不思議で素敵なメロディーに乗って、盛んに『借り暮らしのアリエッティ』のCMが流れていますね。
ご存知の方もいるでしょうが、これはイギリスの物語で、メアリーノートン作の『床下の小人たち』のシリーズが原作です。
子供の頃、楽しく読んだ覚えがありましたが、介護通勤の時間を利用して懐かしく読み直してみました。
ジブリの映像がアリエッティの世界を丁寧に再現してくれそうで、今から楽しみです。



でも、何と言っても私が小人の物語の中で一番好きなのは、佐藤さとるさんの『だれも知らない小さな国』のコロボックル物語のシリーズです。

コロボックル1


小学校の頃出会った物語ですが、夢見がちで空想好きだった私は、コロボックルに会いたくて会いたくて、物語の中でコロボックル達と知り合いになれた、数少ない人間達が羨ましくてたまりませんでした。

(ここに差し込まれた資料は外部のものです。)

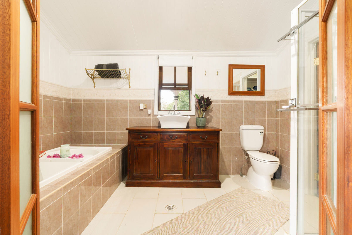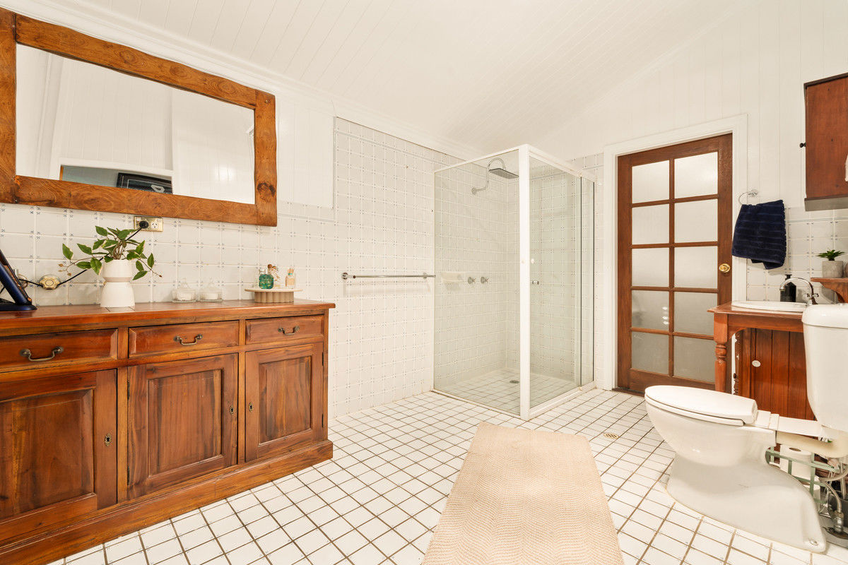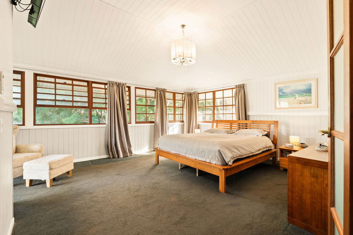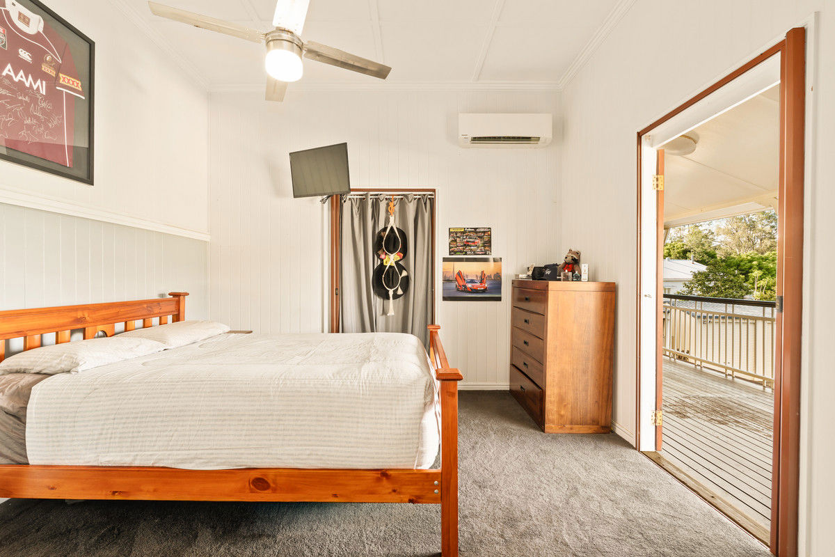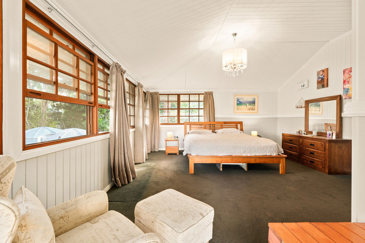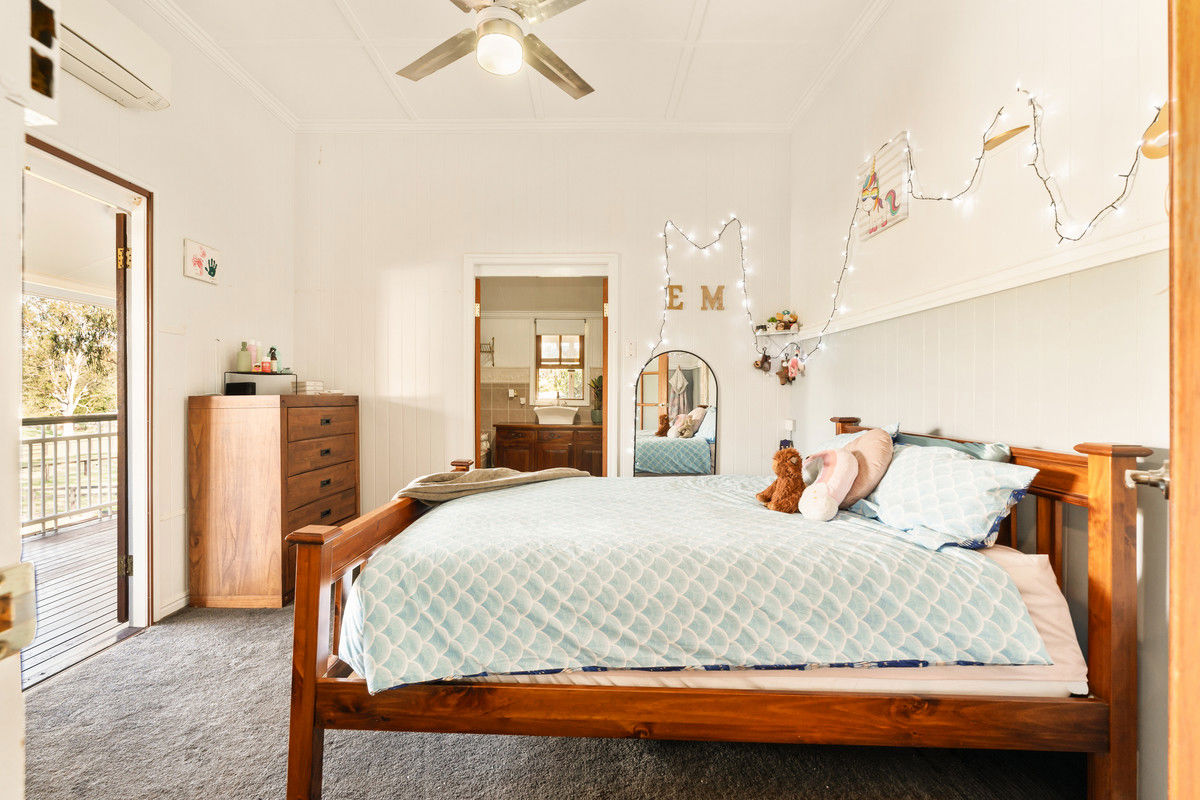 Upstairs, the home features three spacious bedrooms and two bathrooms, with air conditioning throughout. The main bedroom includes an ensuite and walk in robe, while bedroom two enjoys shared access to the same ensuite. Bedrooms one and two open onto the wide veranda, capturing refreshing breezes and stunning sunrises. The well-appointed kitchen boasts a butler's pantry, dishwasher, electric cooktop and oven, flowing into an open plan living and dining area with polished timber floors and high ceilings.

佐藤さとるさんの作品には、村上勉さんの挿絵が良く使われていたのですが、この方の挿絵も大好きでした。

少しおでこの出た、きりっとした黒目が印象的な可愛らしいコロボックル達が、生き生きと活躍する挿絵は、物語を一層魅力あふれるものにしてくれていたような気がします。

今日は電車の中で久しぶりに、コロボックルの文庫本を読んできました。
私にとっては、数あるファンタジーの中でもやっぱりナルニア国シリーズとこのコロボックルシリーズが一番です。
夢中で図書館に通っていた、時間のゆっくり流れていた子供時代が懐かしいな~。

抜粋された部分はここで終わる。